Concerned that illegal charter is now a leading issue for Part 135 and aircraft management companies, the National Air Transportation Association has encouraged the FAA to dedicate resources to addressing the problem. NATA made that request during its participation in the FAA General Aviation Safety Summit earlier this week in Washington, D.C.
The summit, now in its fifth annual edition, was established to bring together industry and regulators to discuss chief safety concerns and tackle what had been a stubborn fatal general aviation accident rate.
“In 2017, NATA visited with Part 135 and aircraft management companies all over the nation, and their number-one concern is illegal charter,” said Bill Deere, executive vice president for NATA. “Our members see it as a growing problem, one that has been exacerbated by the Internet.” NATA asked the FAA to review its resources to enable the agency to identify and halt those operations, as well as ensure it has staff available and trained to investigate hotline calls.
“We hope the agency will work with NATA and legitimate operators to combat this growing problem before an accident or incident involving illegal charter mars the entire general aviation community’s safety record,” Deere said.
Also during the safety summit, Deere noted the FAA’s work with the Air Charter Safety Foundation to expand the Aviation Safety Action Program (ASAP) for charter operators. “Thanks to the encouragement of [FAA] headquarters, since our last briefing in March 2016, the Air Charter Safety Foundation and all FAA regions in the lower 48 states have signed FAA master memorandum of understandings,” he said.
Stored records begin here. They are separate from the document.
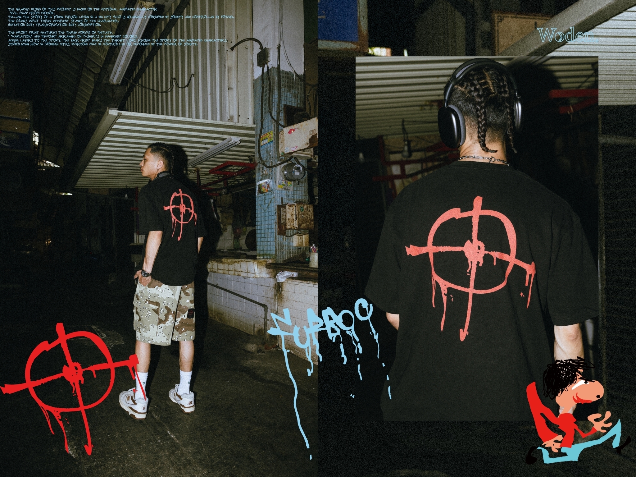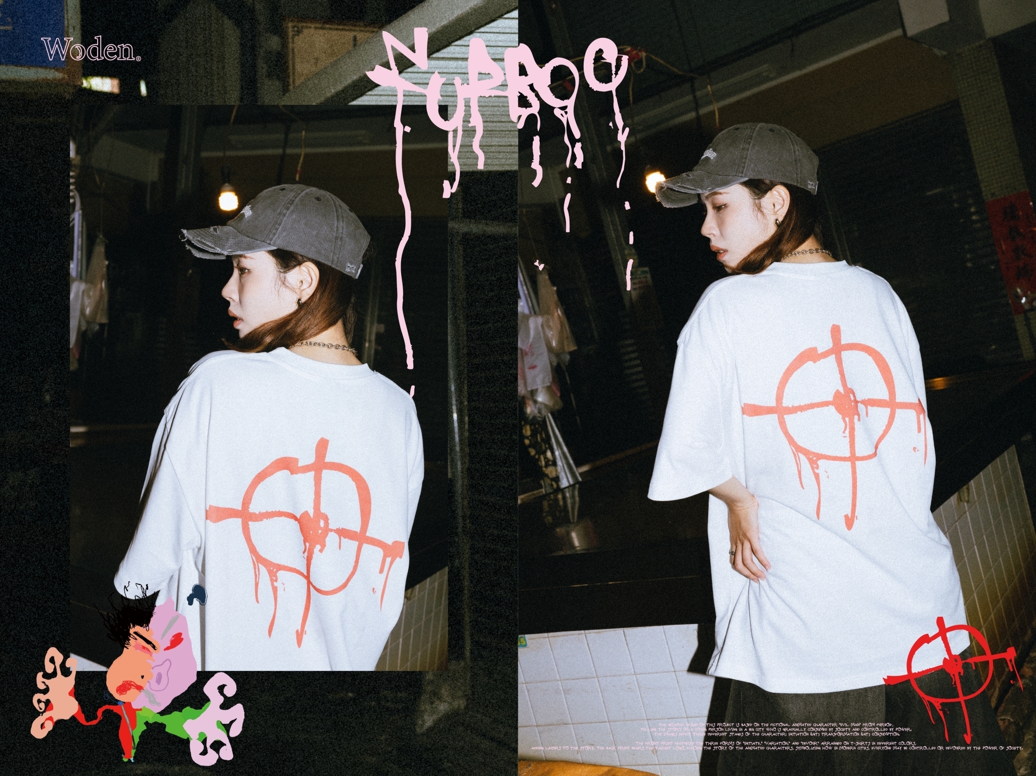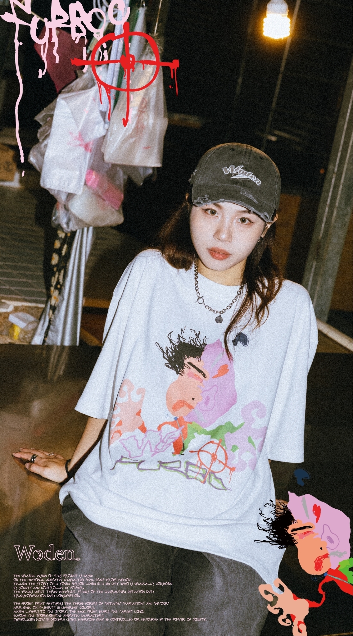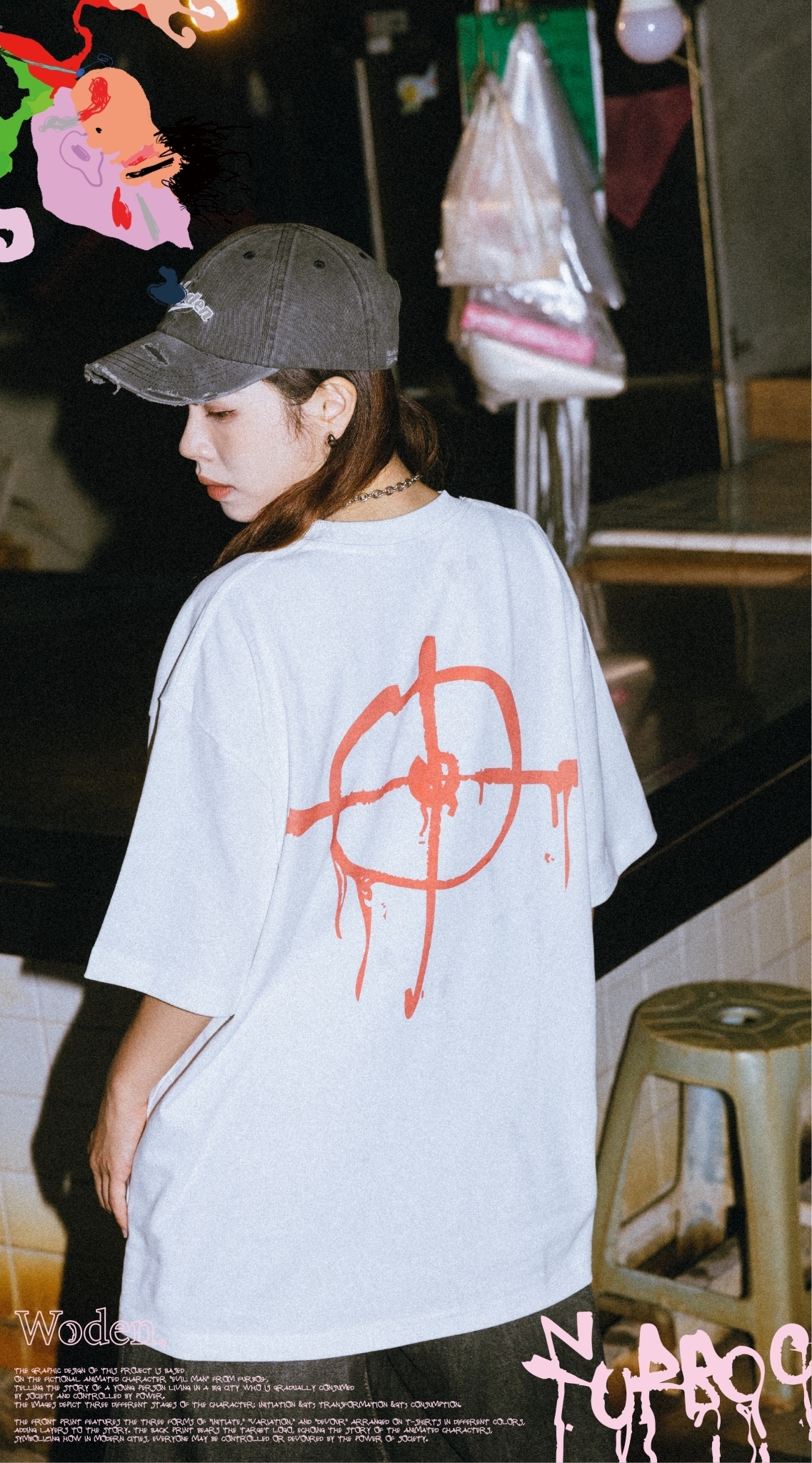 正面印刷圖將『起始』、『變異』、『吞噬』三種形態分別排列在不同顏色的T-shirt上,增加了故事的層次感。背面則印有靶心logo,與動畫角色的故事相呼應,隱喻在現代城市中,每個人都可能被現實社會的權力控制或吞噬。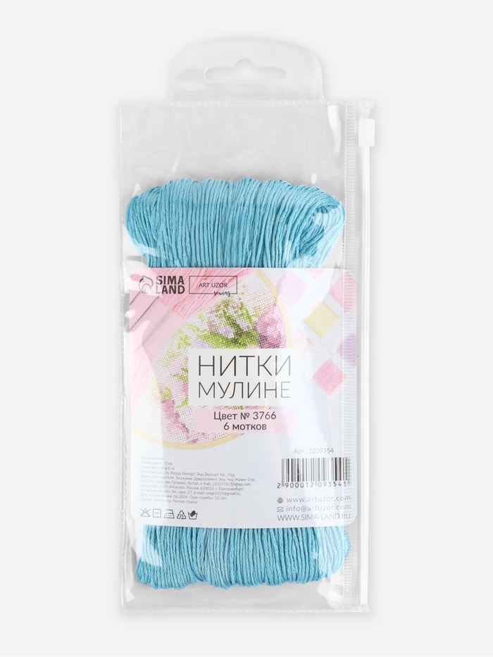 Нитки мулине №3766, 8±1 м, набор 6 шт., голубой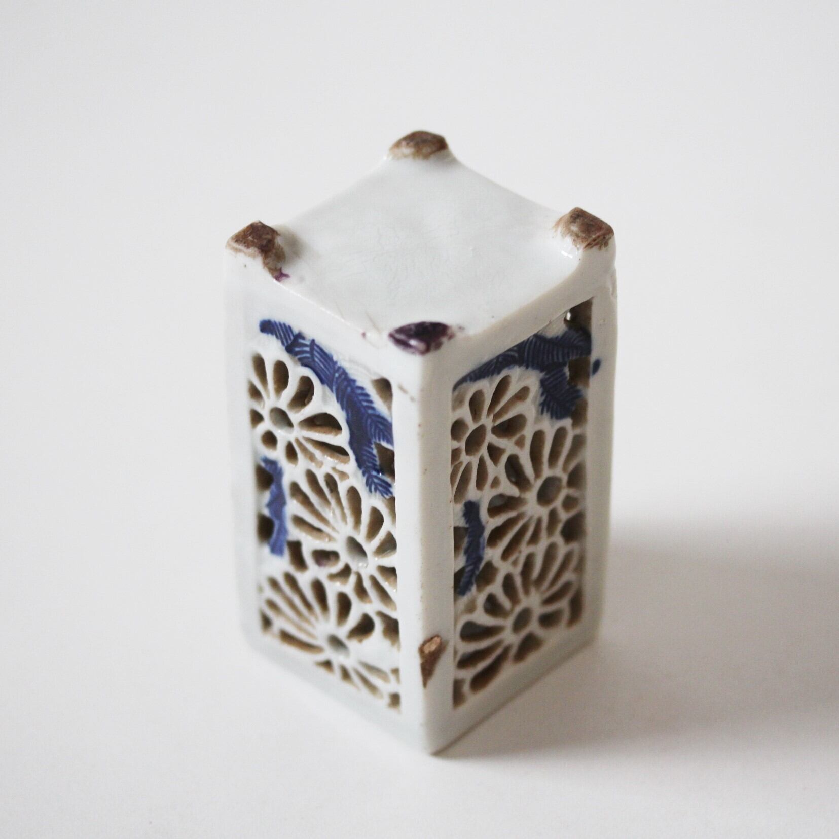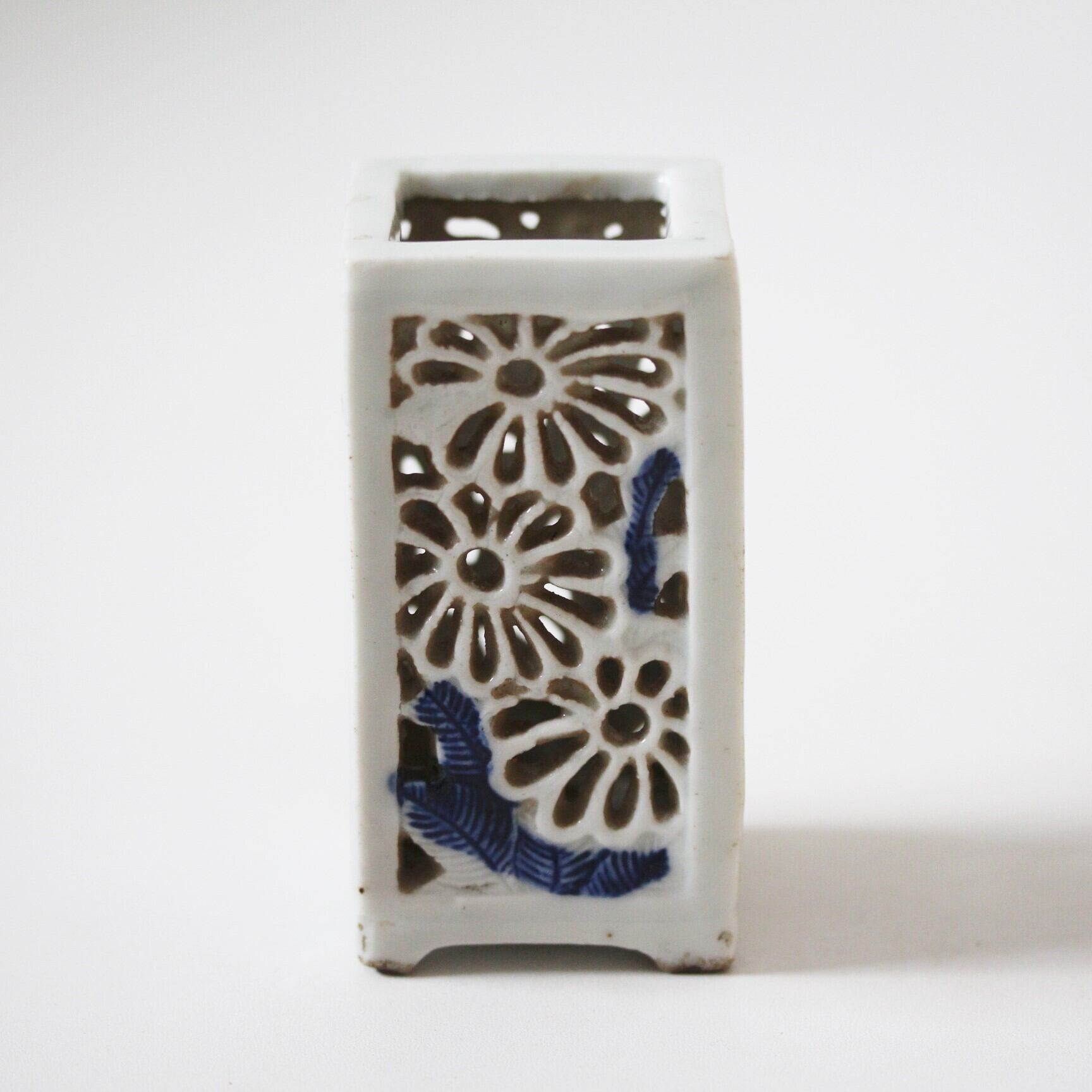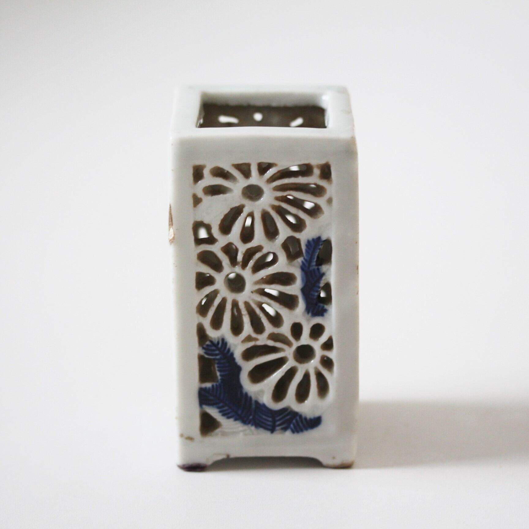 欠けのある染付菊花透かし角箸立て h9.6cm Chipped Blue and White Square Chopstick Stand with Chrysanthemum Openwork 19th-20th C | Broken and Repaired / キズトツクロイ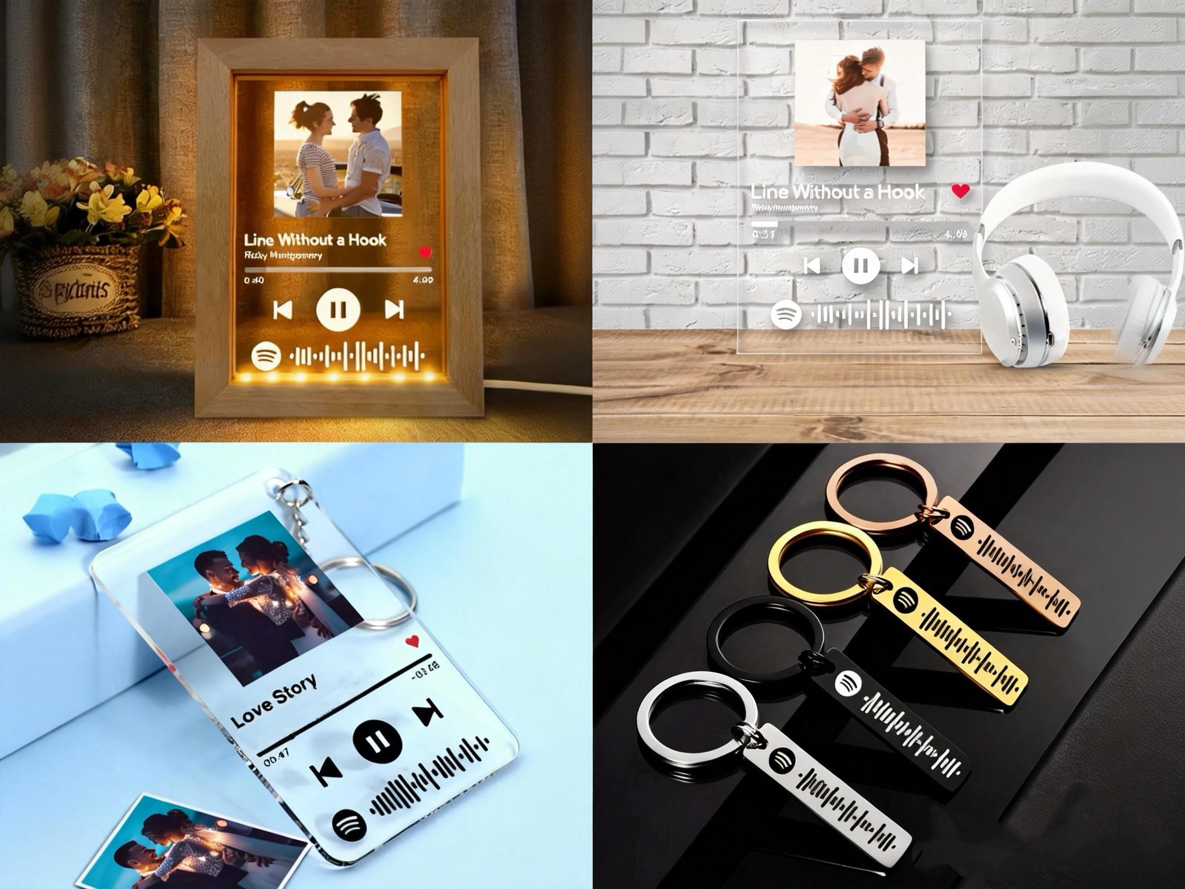 Choose your favorite song/album and turn it into a beautiful custom song keychain, Plaque frame, keychain+plaque frame, and night lamp.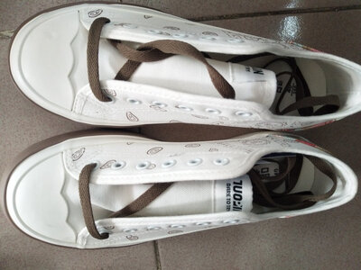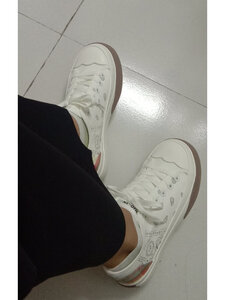 买的是37码 有一点大了 鞋子非常好看 颜值很高 上脚效果也不错 物流速度快 包装没有破损 有两个鞋带颜色 我用的深色 感觉配起来比较好看 推荐购买哦
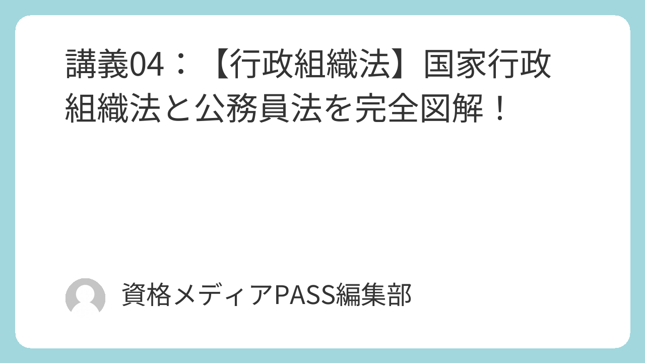 本講義では、行政書士試験で問われる「国家行政組織法」「内閣府設置法」「公務員法」の重要ポイントを、整理して解説します。ここをマスターすれば、安定した得点源になります。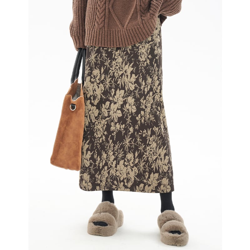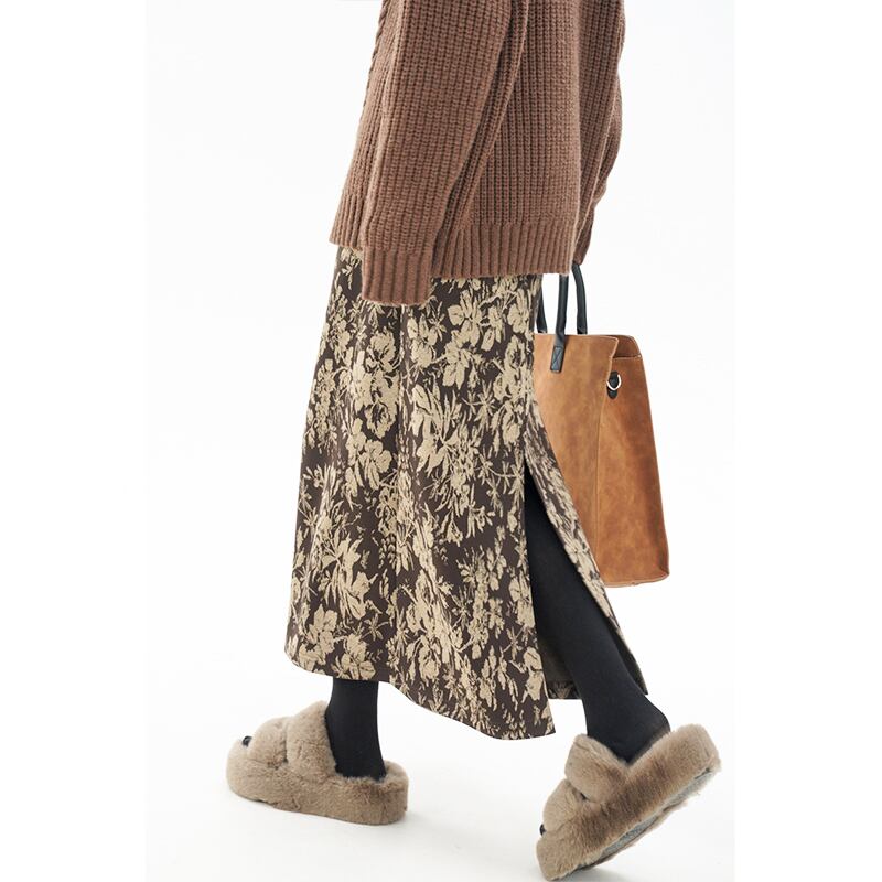 ▶︎ レトロなプリントでシックに着こなせるタイトスカート。ワントーンで色合わせがしやすくコーディネートしやすいのも魅力的ポイント。

Deere further highlighted efforts such as the association’s Safety 1st program and recent inaugural Ground Handling Safety Symposium. NATA pointed to a 2016 Van Allen Group study finding business aircraft operators are 800 times more likely to incur aircraft damage during ground handing than during operations.
“A key takeaway from the [Ground Handing Safety Symposium] is the necessity of industry-wide coordination on safety data collection and analysis from a ground handling perspective—an objective adopted by NATA’s Safety Committee for 2018,” he said.